The format question is the first one worth thinking through. Single-elimination moves fast and builds tension because every match matters immediately. Round-robin is better if you want everyone to get more playing time and the outcome to feel earned over a series of matches rather than decided in a single unlucky throw. For a first event, single-elimination with a best-of-three or best-of-five format keeps things moving and finishes in a reasonable time.
The bracket itself doesn't need to be complicated. Eight or sixteen players is the sweet spot for a casual event. Eight players means roughly six total matches across three rounds, which takes under an hour including delays. Sixteen is still manageable and gives you a bigger pool of participants. Seeding isn't necessary unless you know the skill levels in advance. For most informal tournaments, a random draw is perfectly fine and sometimes more fun.
Space and timing matter more than people assume. You want enough quiet that players can hear the cadence count clearly, and you want a table or hard surface for a referee to stand at. Outdoor events work but wind and ambient noise can create disputes over what was thrown. The actual throw has to be simultaneous on the count of three.

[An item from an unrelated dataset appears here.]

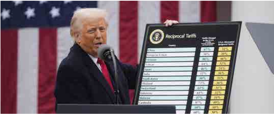
Trump justificou a medida como uma estratégia para reerguer a indústria americana

No entanto, analistas alertam que os efeitos a longo prazo das medidas protecionistas podem ser imprevisíveis. Enquanto Trump celebra o início do que chamou de "era de ouro" para os Estados Unidos, países afetados pelas tarifas começam a buscar alternativas para mitigar os danos econômicos.

Use "rock, paper, scissors, shoot" if that's the regional custom. Either way, you need someone whose job is to watch both hands at the same time and make the call when it's close.

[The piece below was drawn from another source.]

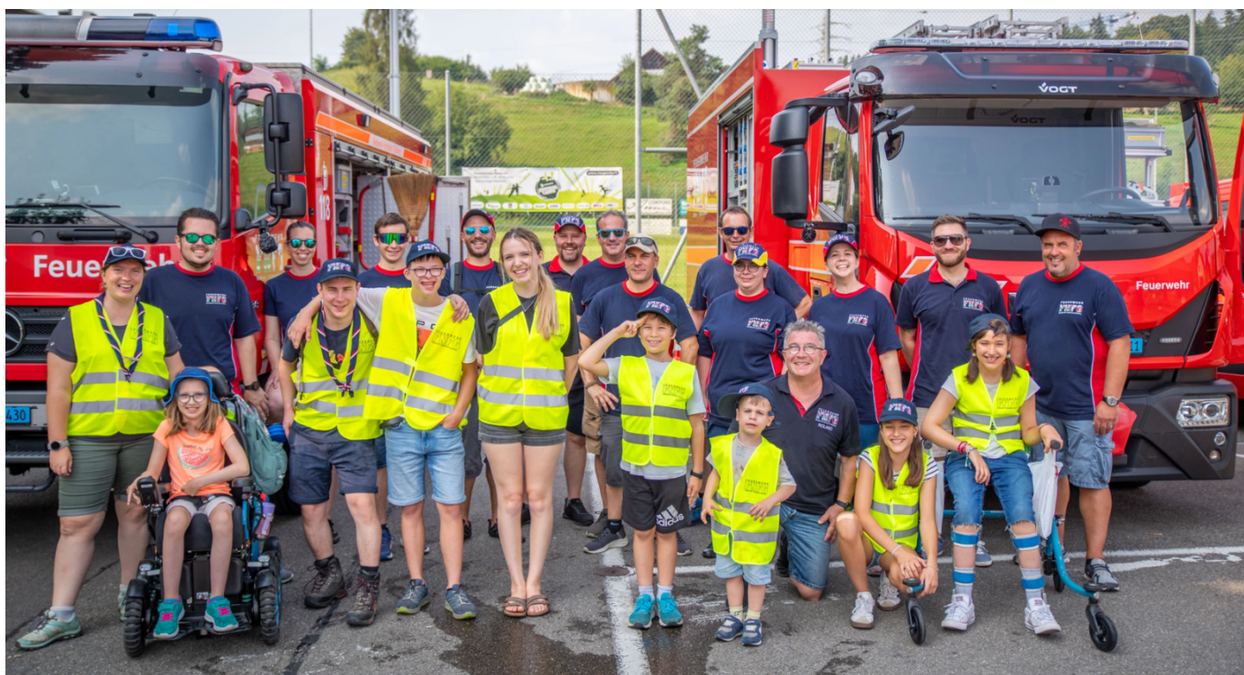
(Familientag 16.08.2025;)

The thing that kills a tournament isn't cheating or disputes. It's downtime. Keep rounds moving, have the bracket visible so people know what's coming, and don't let winners sit idle for long. If you're running a small event, someone with a phone and a photo of the bracket is more than enough to track results in real time.
You don't need prizes to make it worth playing. But if you want to add stakes, a small prize for the winner and something for everyone who participates tends to keep the room invested through later rounds. People stay for the drama when they feel like the event was run fairly and the competition was real.